The committee said Bridgen should have told ministers and officials he received a donation and a funded visit to Ghana from the Cheshire-based firm Mere Plantations and had a £12,000 contract to be an adviser.

But he was found to have committed a “significant litany of errors” by failing to do so in eight emails to ministers, and in five meetings with ministers or public officials.

The committee said Bridgen had also called standards commissioner Kathryn Stone’s “integrity into question” on the basis of “wholly unsubstantiated and false allegations, and attempted improperly to influence the House’s standards processes”.

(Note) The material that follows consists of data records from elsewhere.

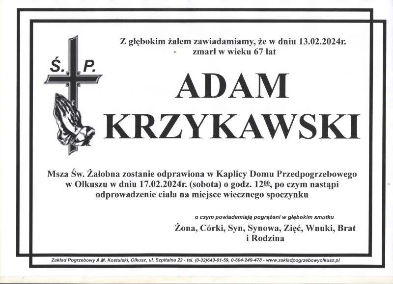 Zmarł śp. Adam KRZYKAWSKI (lat 67) – (Olkusz).
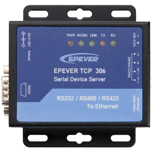 O προσαρμογέας σειριακής θύρας δικτύου EPEVER TCP 306 συνδέεται με συσκευές μέσω της διασύνδεσης RS485 και της δικτυακής επικοινωνίας TCP. Μεταφέρει δεδομένα στην πλατφόρμα cloud της EPEVER, επιτρέποντας την απομακρυσμένη παρακολούθηση, ρύθμιση παραμέτρων και ανάλυση δεδομένων των ρυθμιστών ηλιακής ενέργειας και των inverter ( υβριδικών και μη). Επιτρέπει επίσης την απλή και βολική λειτουργία μέσω του εργαλείου διαμόρφωσης στον Η/Υ για τροποποίηση διευθύνσεων IP του μοντέλου TCP, λειτουργίας διακομιστή TCP, λειτουργίας client TCP και άλλα.
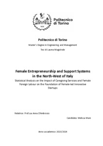 Female Entrepreneurship and Support Systems in the North-West of Italy: Statistical Analysis on the Impact of Caregiving Services and Female Foreign Labour on the Foundation of Female-led Innovative Startups.
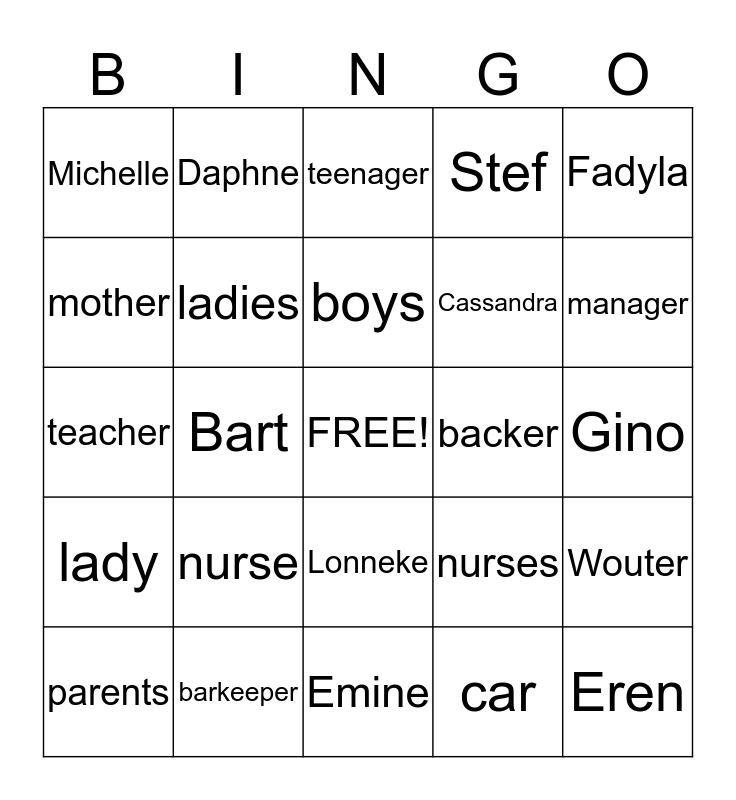 This bingo card has a free space and 34 words: children, car, girl, girls, lady, ladies, Fadyla, parents, Daphne, boy, boys, teenager, woman, women, backer, manager, barkeeper, teacher, nurse, nurses, Lonneke, Delano, Michelle, Gino, Emine, Eren, Stef, Noa, Cassandra, mother, father, Bart, Wouter and Zoë.
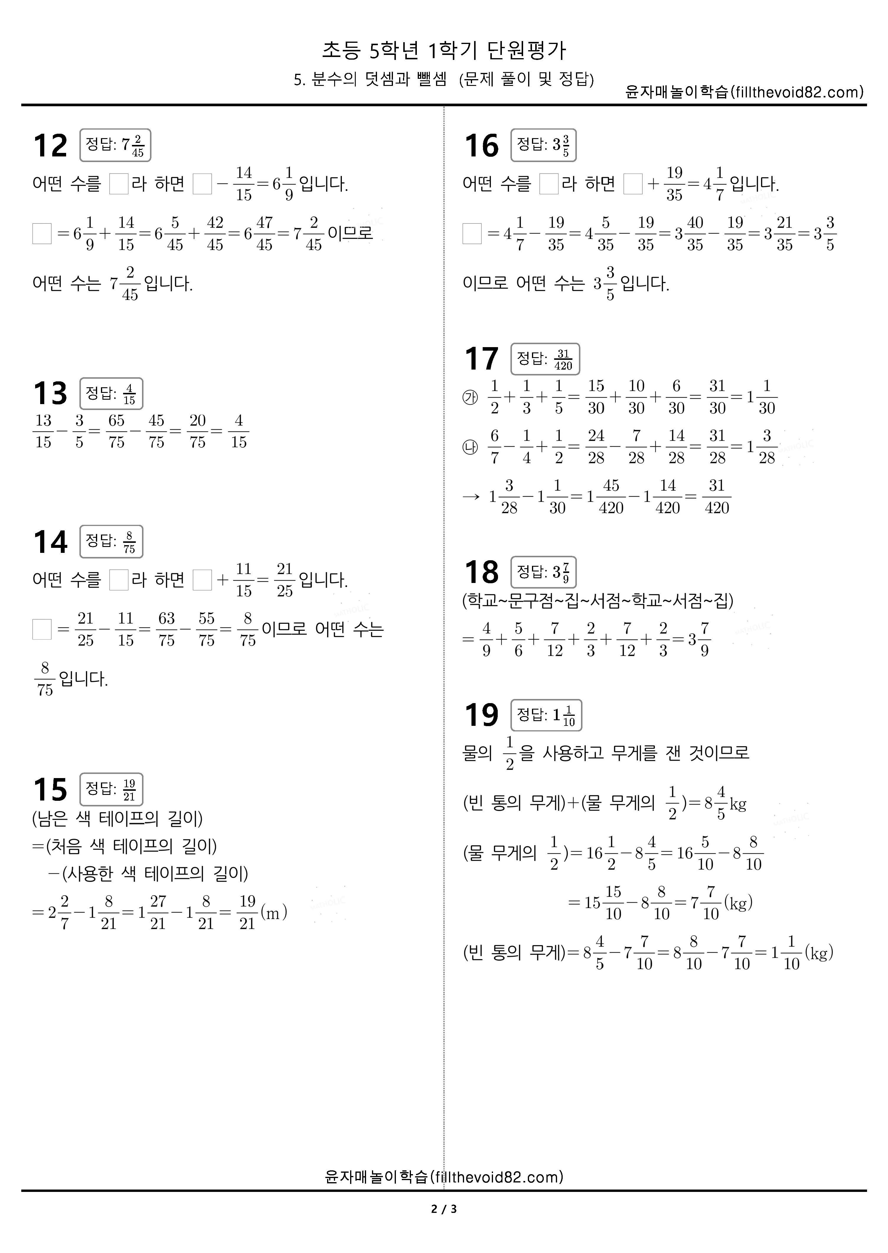 '수학문제지 > 초등단원평가' 카테고리의 다른 글

He questioned whether his reputation as an outspoken critic of then prime minister Boris Johnson could have influenced her findings.

The MP wrote an email to Ms Stone saying: “I was distressed to hear on a number of occasions an unsubstantiated rumour that your contract as parliamentary standards commissioner is due to end in the coming months and that there are advanced plans to offer you a peerage, potentially as soon as the prime minister’s resignation honours list.

“There is also some suggestion amongst colleagues that those plans are dependent upon arriving at the ‘right’ outcomes when conducting parliamentary standards investigations.

“Clearly my own travails with Number 10 and the former PM have been well documented and obviously a small part of me is naturally concerned to hear such rumours.

“More importantly however you are rightfully renowned for your integrity and decency and no doubt such rumours are only designed to harm your reputation.”

The committee said Bridgen’s email “appears to be an attempt to place wholly inappropriate pressure on the commissioner” which is “completely unacceptable behaviour”.